Sans children our resort, the Majestic Colonial, was like a summer camp for adults, complete with activities, sporting events and shows. The beach and pools were beautiful. I have to give props to the Michael Jackson impersonator and the Cuban magician on the main stage — both pretty damn good. Aside from the wait staff, they added the only cultural diversity among an otherwise quite homogeneous [and predominantly Ontario Canadian] clientele. The weather, pool and beach were all phenomenal, and, as I have a penchant for drinks either 1) in a coconut, 2) in a pineapple or 3) with rum, I had way too many all inclusive “BananaMamas” and under the Caribbean sun turned many shades darker thanks to my Sicilian lineage. I have the speedo tan line to prove it. Message me privately for more details. One disconnect, the wifi was not very good which was surprising given all of the other service aspects of the resort [take note Majestic Colonial].
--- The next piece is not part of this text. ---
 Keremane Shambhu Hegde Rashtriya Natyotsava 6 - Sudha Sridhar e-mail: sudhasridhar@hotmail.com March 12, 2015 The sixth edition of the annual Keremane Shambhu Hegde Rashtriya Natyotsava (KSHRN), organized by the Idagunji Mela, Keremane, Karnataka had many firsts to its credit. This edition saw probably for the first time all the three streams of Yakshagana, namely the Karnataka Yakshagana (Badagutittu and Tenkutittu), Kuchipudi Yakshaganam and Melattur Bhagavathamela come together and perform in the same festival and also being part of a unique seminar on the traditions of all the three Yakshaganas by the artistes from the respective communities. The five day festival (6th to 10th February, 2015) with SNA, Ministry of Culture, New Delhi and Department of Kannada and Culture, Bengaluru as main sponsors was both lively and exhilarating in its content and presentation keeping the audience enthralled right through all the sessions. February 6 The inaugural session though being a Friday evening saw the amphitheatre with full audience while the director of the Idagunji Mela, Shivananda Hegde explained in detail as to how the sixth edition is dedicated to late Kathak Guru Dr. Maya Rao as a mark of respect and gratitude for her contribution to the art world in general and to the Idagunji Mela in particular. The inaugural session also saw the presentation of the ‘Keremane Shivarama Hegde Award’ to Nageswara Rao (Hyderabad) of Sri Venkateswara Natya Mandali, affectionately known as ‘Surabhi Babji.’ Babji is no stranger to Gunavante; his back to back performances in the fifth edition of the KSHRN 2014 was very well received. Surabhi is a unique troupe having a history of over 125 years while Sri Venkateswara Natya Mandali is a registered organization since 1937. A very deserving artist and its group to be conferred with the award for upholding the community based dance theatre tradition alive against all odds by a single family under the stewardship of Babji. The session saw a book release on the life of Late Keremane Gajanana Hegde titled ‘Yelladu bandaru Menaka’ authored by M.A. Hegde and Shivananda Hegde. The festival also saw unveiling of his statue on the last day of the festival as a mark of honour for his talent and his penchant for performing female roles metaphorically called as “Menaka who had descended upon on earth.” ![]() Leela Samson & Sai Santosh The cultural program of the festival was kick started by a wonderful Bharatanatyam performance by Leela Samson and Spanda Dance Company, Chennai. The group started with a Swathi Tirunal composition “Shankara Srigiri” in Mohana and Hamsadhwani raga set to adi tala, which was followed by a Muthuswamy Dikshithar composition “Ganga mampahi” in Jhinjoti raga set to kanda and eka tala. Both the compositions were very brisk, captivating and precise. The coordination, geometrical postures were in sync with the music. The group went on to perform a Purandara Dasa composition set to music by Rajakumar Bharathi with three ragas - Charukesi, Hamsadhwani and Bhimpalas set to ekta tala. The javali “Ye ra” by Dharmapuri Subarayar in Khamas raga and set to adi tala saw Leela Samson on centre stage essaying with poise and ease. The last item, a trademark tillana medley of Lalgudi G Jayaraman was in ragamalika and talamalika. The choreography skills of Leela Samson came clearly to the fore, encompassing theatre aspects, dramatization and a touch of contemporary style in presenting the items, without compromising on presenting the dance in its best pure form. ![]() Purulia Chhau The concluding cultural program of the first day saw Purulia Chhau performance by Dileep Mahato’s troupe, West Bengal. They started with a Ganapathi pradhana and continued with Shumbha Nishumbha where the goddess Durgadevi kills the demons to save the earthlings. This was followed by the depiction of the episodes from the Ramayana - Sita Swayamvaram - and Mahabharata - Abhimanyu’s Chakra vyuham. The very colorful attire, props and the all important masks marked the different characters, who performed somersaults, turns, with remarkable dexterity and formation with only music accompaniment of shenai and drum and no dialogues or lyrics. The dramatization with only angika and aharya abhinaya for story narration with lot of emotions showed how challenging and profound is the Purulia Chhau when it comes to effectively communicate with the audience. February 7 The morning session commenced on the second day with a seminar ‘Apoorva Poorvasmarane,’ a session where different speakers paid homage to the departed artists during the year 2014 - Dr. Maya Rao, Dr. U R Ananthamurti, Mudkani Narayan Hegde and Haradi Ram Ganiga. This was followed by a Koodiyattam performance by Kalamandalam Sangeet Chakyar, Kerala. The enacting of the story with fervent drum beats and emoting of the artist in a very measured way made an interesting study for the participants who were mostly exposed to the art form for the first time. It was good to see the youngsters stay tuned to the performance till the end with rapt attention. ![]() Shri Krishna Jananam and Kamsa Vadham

This resort, as with most resorts of its kind, was full of wedding parties off to their dream destination wedding. I don’t necessarily mock the choice, however I do mock the choice of wedding music, as having grown up in a family wedding band I know about these things. Each day a gazebo on the beach in the center of the almost naked masses sunning themselves became a bride and groom’s nuptial ground zero. Beach weddings, with all of the trappings of an episode of Bridezillas, were ubiquitous. Uncannily, most began with the horrid ukulele version of “Somewhere Over the Rainbow”. As if the song itself was not tired enough, the ukulele added that cheap greeting card island charm, even though the Dominican Republic was not a particularly ukulele-ish island (this was not Hawaii). I suppose if it was your wedding it may have seemed special, but seeing several every day put that uniqueness into perspective for the rest of the guests at the resort. It was nothing less than a ukulele-zombie wedding factory. I wonder if there is a ukulele version of the theme to “Divorce Court” as well?
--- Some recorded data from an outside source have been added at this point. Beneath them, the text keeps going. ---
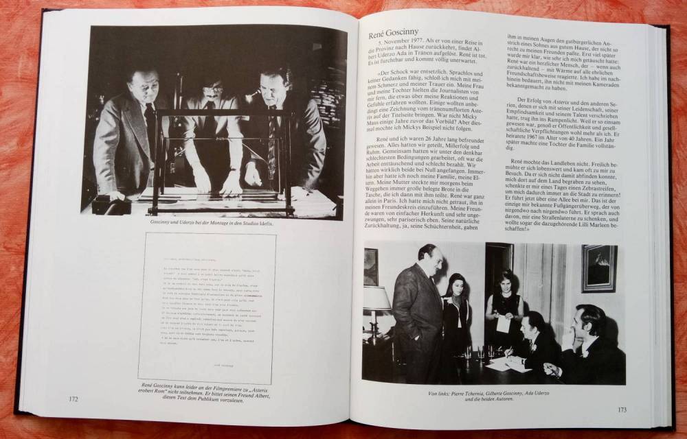 Rechte Seite: Uderzo erfährt vom Tod seines Freundes Goscinny Linke Seite: Goscinny bittet Uderzo den unten abgebildeten Text zur Premiere von Asterix erobert Rom vorzutragen, da er sich nicht gut fühlt.
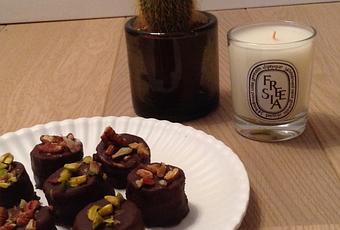 3 / Quand vos bananes sont prêtes, plongez les une par une dans le chocolat fondu. Il faut les faire rouler afin qu'elles soient bien enduites de chocolat.
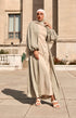 This elegant full-length wrap abaya exudes elegance. Made of a supple satin and rayon blend, this abaya is soft to the touch and super comfortable. Cinched balloon sleeves add fun pizazz to this outfit. With an elegant scalloped collar, this formal abaya is perfect for any occasion. The fabric moves effortlessly with your every move! This piece comes in three shades.
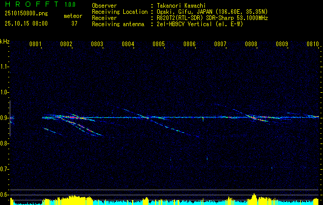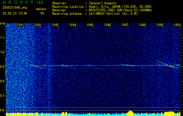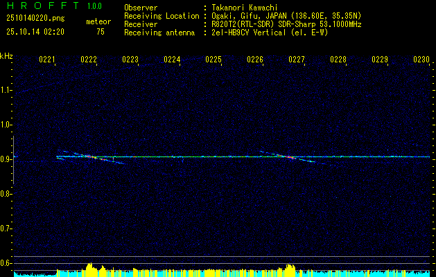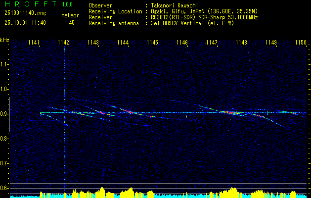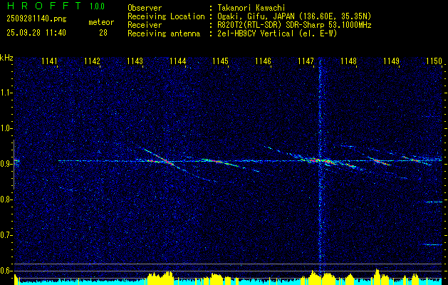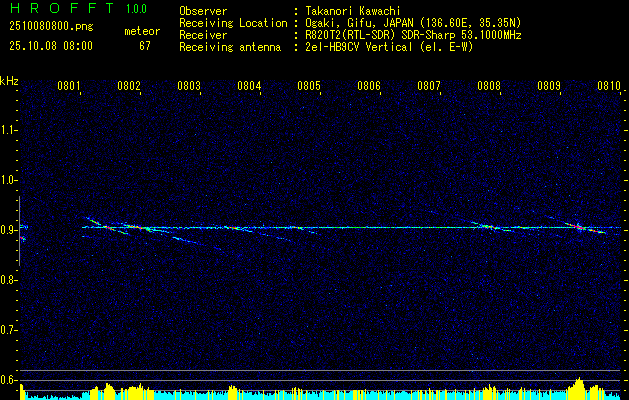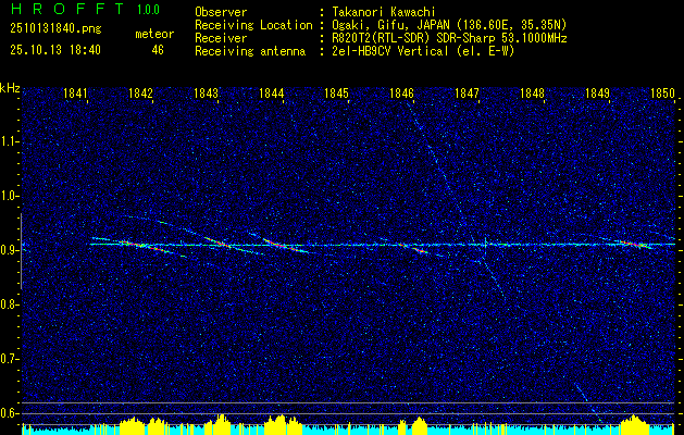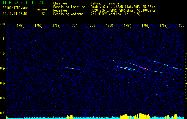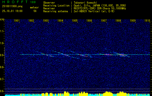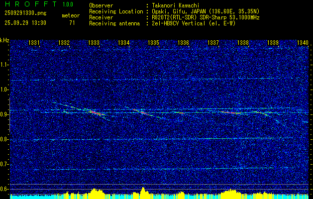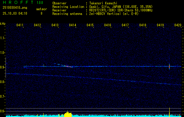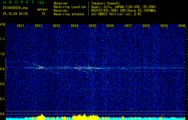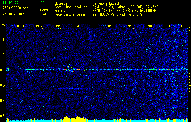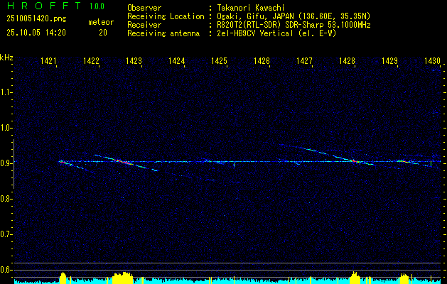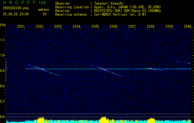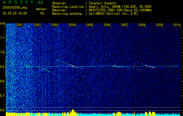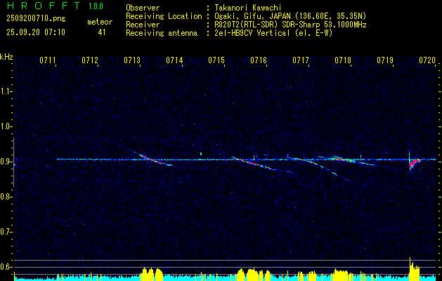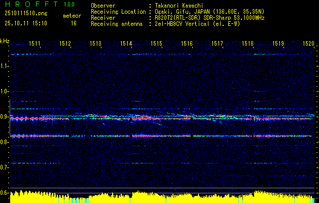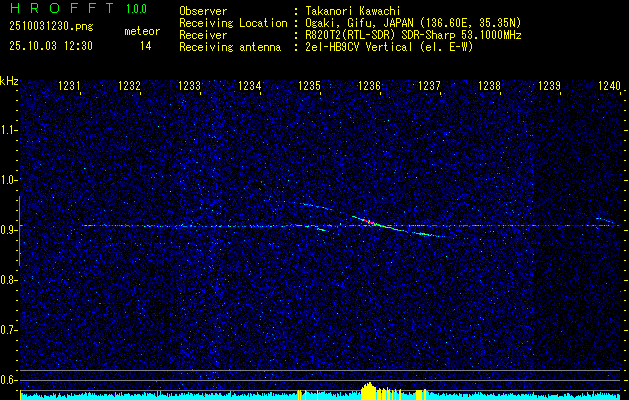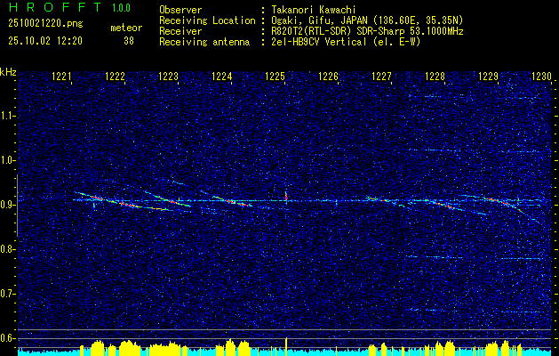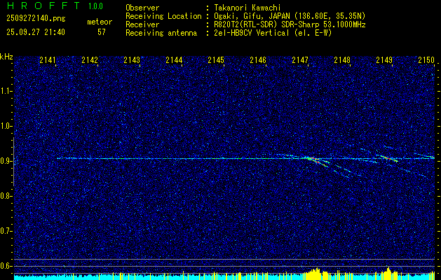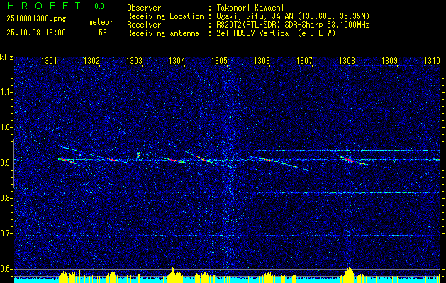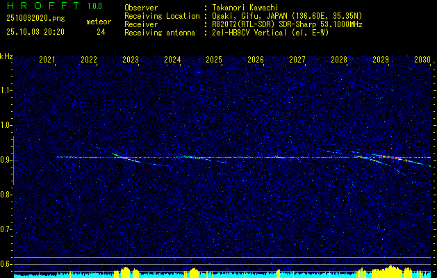 0.9kHz附近に発生している『点』または『塊』が流星によるエコーです.

After a week under the beautiful Caribbean sun, it was sadly time to depart. I made my way to the airport, and, after spending about fifteen minutes at passport control waiting for the officer to find my entrance stamp [in all fairness I have dozens of stamps and visas cluttering each page], I made my way through to the food court, or more aptly named the “extortion food court”. Two hot dogs and a small drink at Nathans: $14.00. One plain cheeseburger [no fries or drink]: $8.00. One healthy meal: nonexistent. Uff. I opted to get a snack for the plane instead and went to a small deli kiosk that sold pre-wrapped sandwiches, drinks and snacks. I chose a very small can [less than half the size of a regular can] of peanuts. When the cashier rang me up, the total was $12.00. I did the math in my head, and given the size of the can, that was about 25 cents per every two peanuts. I again opted out, headed to the gate, and found a free electrical outlet and a Segafredo Zinetti cappuccino. Things were finally looking up.
An uncharacteristically on time Delta flight later and I was on my way back to the cold winter weather of New York, where a twelve dollar can of peanuts is cheap at Whole Foods. Maybe I should have bought them after all?